RMSE for GLM using Tweedie, power=1 & alpha=0
Training/In-Sample:  1.8783331160447307 
Validation/Out-of-Sample:  1.9216877625295417


RMSE in Dollars
Train: $15194.98
Validate: $17413.55


Unnamed: 0,Train_Log,Validate_Log,Train_Dollars,Validate_Dollars
tweedie,1.878333,1.921688,15194.97912,17413.549408


#### Polynomial Regression 

In [16]:
# make the polynomial features to get a new set of features
pf = PolynomialFeatures(degree=2)

# fit and transform X_train_scaled
X_train_degree2 = pf.fit_transform(X_train_scaled)

# transform X_validate_scaled & X_test_scaled
X_validate_degree2 = pf.transform(X_validate_scaled)
X_test_degree2 = pf.transform(X_test_scaled)

In [17]:
# Put logged y into DataFrames for convenience
lm2_y_train = pd.DataFrame({'charges_log': y_train_log})
lm2_y_validate = pd.DataFrame({'charges_log': y_validate_log})


# create the model object
lm2 = LinearRegression()

# fit the model to our training data.

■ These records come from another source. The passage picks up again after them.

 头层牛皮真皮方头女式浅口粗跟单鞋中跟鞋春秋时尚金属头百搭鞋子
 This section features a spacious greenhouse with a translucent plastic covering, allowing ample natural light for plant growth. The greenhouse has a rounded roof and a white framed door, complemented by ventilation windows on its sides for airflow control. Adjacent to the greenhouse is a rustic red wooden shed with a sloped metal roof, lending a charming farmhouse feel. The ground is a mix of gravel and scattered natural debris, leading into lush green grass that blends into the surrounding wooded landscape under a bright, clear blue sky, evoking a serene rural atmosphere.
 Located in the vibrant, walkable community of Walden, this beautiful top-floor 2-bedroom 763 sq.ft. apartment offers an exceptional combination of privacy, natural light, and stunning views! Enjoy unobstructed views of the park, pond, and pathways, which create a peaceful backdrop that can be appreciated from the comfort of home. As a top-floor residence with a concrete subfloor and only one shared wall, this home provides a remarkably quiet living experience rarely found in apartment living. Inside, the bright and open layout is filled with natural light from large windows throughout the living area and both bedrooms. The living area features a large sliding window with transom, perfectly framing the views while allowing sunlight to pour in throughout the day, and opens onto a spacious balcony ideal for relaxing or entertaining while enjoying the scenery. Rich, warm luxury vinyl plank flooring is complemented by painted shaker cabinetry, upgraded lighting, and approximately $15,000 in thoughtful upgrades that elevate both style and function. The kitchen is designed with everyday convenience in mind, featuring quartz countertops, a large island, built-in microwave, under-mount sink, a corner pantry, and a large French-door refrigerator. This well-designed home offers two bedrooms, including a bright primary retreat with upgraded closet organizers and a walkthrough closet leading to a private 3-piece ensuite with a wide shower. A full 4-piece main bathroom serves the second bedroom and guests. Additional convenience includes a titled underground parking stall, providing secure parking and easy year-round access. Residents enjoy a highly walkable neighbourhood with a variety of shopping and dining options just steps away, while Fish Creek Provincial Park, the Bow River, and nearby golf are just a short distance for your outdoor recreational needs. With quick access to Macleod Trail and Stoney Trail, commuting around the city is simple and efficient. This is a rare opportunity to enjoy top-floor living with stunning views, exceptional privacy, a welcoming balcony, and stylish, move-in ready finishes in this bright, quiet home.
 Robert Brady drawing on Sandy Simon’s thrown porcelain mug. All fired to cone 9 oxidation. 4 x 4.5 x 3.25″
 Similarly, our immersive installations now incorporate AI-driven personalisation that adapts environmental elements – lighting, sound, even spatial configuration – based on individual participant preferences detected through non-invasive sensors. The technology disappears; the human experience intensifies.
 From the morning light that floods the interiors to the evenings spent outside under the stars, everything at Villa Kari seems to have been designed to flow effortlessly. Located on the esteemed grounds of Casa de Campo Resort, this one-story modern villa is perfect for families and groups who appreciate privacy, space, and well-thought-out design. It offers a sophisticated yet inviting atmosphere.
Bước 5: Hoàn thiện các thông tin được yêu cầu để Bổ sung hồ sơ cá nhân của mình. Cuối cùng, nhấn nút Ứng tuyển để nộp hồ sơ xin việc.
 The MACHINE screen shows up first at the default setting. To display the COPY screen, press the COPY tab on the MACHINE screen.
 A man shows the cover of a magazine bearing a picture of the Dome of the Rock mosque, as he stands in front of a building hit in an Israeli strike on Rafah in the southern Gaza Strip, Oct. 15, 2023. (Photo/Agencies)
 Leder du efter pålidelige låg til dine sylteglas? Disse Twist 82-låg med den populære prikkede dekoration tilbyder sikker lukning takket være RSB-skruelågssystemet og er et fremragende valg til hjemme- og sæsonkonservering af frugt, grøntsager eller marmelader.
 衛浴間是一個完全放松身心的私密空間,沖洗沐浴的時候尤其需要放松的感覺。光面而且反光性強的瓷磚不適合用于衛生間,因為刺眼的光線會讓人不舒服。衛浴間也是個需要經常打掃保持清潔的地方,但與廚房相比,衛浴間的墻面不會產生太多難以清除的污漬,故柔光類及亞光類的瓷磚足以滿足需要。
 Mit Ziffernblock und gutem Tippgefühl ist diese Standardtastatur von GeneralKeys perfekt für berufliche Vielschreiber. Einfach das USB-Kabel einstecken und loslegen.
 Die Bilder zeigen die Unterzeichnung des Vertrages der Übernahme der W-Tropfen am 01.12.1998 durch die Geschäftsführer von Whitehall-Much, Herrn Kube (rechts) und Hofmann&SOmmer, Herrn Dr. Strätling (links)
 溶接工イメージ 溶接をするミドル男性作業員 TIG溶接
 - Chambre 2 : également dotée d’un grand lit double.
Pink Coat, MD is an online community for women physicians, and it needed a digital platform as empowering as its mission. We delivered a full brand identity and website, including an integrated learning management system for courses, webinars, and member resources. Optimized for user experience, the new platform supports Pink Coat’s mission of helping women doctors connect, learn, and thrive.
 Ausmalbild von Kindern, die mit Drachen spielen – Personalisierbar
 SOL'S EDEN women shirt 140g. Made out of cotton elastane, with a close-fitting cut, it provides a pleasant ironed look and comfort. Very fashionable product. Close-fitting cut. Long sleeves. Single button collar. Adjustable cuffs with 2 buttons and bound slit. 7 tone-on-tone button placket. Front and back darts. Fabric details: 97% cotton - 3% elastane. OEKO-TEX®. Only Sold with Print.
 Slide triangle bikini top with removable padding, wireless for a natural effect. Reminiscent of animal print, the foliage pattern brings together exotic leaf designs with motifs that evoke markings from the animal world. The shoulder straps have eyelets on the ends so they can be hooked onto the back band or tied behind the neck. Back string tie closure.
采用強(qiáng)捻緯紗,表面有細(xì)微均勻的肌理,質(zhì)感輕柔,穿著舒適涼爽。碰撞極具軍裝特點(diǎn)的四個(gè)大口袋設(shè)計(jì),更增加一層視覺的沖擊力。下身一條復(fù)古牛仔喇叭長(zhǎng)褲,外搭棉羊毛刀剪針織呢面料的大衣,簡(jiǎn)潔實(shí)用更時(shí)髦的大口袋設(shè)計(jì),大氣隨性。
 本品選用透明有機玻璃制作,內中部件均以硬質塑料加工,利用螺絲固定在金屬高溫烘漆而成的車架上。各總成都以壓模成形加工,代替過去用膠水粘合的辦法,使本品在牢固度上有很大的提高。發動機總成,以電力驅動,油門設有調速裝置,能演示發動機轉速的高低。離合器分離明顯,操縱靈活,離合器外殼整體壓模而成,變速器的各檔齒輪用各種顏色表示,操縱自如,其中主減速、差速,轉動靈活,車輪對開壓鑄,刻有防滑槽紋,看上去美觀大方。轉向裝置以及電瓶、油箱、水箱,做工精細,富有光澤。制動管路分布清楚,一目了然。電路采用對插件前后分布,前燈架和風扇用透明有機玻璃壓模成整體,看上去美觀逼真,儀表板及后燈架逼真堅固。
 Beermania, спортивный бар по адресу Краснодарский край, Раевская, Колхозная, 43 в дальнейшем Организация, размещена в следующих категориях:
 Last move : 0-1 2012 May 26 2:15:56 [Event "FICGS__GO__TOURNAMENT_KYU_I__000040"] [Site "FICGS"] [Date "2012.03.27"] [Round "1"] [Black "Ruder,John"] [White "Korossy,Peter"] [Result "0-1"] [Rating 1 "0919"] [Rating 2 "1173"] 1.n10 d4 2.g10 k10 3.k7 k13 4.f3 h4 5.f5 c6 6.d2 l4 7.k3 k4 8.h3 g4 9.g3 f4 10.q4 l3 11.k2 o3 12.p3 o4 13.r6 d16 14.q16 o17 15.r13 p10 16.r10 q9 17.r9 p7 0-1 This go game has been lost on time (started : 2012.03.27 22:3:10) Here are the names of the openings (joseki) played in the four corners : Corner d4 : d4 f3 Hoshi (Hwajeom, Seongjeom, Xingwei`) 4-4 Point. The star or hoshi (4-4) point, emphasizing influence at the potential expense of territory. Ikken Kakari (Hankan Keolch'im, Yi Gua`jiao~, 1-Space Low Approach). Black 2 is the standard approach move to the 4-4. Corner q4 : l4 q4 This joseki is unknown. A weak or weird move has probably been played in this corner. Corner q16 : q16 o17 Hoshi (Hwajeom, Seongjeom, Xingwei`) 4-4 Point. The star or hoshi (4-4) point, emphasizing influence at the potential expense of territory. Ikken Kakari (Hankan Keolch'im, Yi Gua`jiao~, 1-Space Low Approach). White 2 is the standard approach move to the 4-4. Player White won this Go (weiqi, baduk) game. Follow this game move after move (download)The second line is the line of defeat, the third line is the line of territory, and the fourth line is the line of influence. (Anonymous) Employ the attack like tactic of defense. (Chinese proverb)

We must specify the column in y_train, 
# since we have converted it to a dataframe from a series! 
lm2.fit(X_train_degree2, lm2_y_train.charges_log)

# predict train
lm2_y_train['pred_lm2'] = lm2.predict(X_train_degree2)

# evaluate: rmse
rmse_train = mean_squared_error(lm2_y_train.charges_log, lm2_y_train.pred_lm2)**(1/2)

# predict validate
lm2_y_validate['pred_lm2'] = lm2.predict(X_validate_degree2)

# evaluate: rmse
rmse_validate = mean_squared_error(lm2_y_validate.charges_log, lm2_y_validate.pred_lm2)**(1/2)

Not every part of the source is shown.